How CAT Powers Real‑Time Distributed Monitoring at Scale
This article introduces CAT, a Java‑based open‑source distributed real‑time monitoring system, covering its origins, design goals, architecture, message processing pipeline, instrumentation model, and how it achieves high availability, scalability, and low‑latency analytics for large‑scale internet services.
CAT Overview
CAT (Central Application Tracking) is a pure‑Java, open‑source distributed real‑time monitoring system originally developed at Dianping in 2011, inspired by eBay's CAL. Its source code is hosted on GitHub and was created by Wu Qimin and You Yong.
Current Status
Released under the Apache License, CAT is used by over 100 Chinese internet companies, including Dianping, Ctrip, Liepin, LuJinSuo, and Zhaogang. By March 2016 it had earned more than 1,000 GitHub stars.
Design Goals
Scalable: supports distributed, cross‑IDC deployment and horizontal scaling.
High availability: monitoring continues even if some applications fail.
Real‑time processing: information loses value quickly during incident handling.
Full data coverage: captures low‑probability events that may become critical.
High throughput: requires strong processing capacity to reconstruct incidents.
Fault tolerance: CAT failures should not affect business services.
Best‑effort reliability: allows message loss, aiming for four‑nine reliability.
Architecture
The design emphasizes simplicity, decentralization, and component collaboration.
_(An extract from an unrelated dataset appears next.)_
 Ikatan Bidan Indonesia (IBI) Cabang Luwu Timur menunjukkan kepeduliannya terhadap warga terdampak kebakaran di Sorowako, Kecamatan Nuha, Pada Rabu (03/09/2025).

It uses a two‑layer structure, relying only on external storage such as HDFS and MySQL, and adopts a fully componentized implementation. Because a single machine cannot handle the massive message volume, CAT shards traffic and balances load across nodes.
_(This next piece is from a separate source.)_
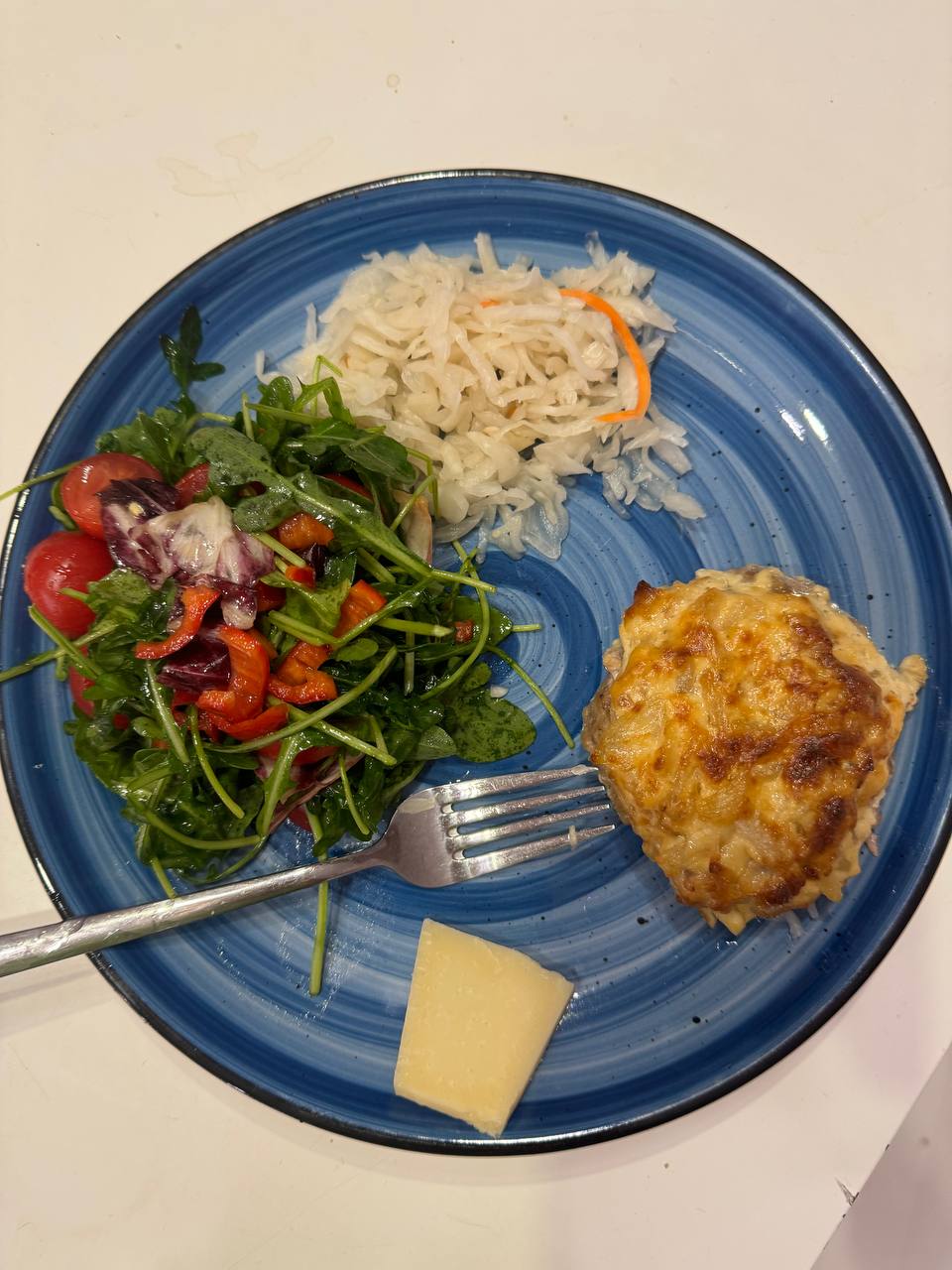 2 кетобургера, салат из рукколы, черри и перца с оливковым маслом, квашеная капуста и сыр

Applications embed CAT API for instrumentation; backend threads use persistent TCP connections to stream messages to servers. CAT provides fail‑over to alternate servers when needed and currently uses a native serialization protocol, with plans to support additional protocols such as Thrift.
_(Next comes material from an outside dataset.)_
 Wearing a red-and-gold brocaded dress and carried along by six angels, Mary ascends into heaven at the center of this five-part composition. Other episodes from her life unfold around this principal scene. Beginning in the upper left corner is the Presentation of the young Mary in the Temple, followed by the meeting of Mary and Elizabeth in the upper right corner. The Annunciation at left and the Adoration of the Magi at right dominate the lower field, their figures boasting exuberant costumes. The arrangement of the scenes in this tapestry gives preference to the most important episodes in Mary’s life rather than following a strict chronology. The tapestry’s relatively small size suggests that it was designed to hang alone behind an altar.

Messages are deserialized, placed into queues, and dispatched by a real‑time scheduler to independent consumer queues. Consumers typically perform incremental, stream‑based calculations and store hourly reports in a central database.
Daily reports are merged from 24 hourly reports; weekly reports are merged from seven daily reports, and so on.
The CAT console (UI) retrieves reports from storage for display. Real‑time reports are served via HTTP aggregation; historical reports are read directly from the database.
Raw messages are first stored locally, then uploaded to HDFS, while reports are stored as key/value pairs in MySQL.
Message Processing Pipeline
Processing consists of five stages: collection, transmission, analysis, storage, and presentation.
Collection : Applications instrument logs, which are sent as a message tree to a transmission queue. If the queue is full, messages are dropped.
Transmission : CAT clients maintain long‑lived TCP connections to CAT consumers, serializing message trees onto the network; consumers deserialize and enqueue them.
Analysis : A real‑time scheduler distributes messages to consumer queues. Report analyzers consume their own queues to update report models. A special raw‑log dump analyzer stores messages to the local file system without generating reports.
Storage : Reports reside in MySQL; compressed raw logs are persisted in HDFS for long‑term retention (reports typically kept >3 months, raw logs ~1 month).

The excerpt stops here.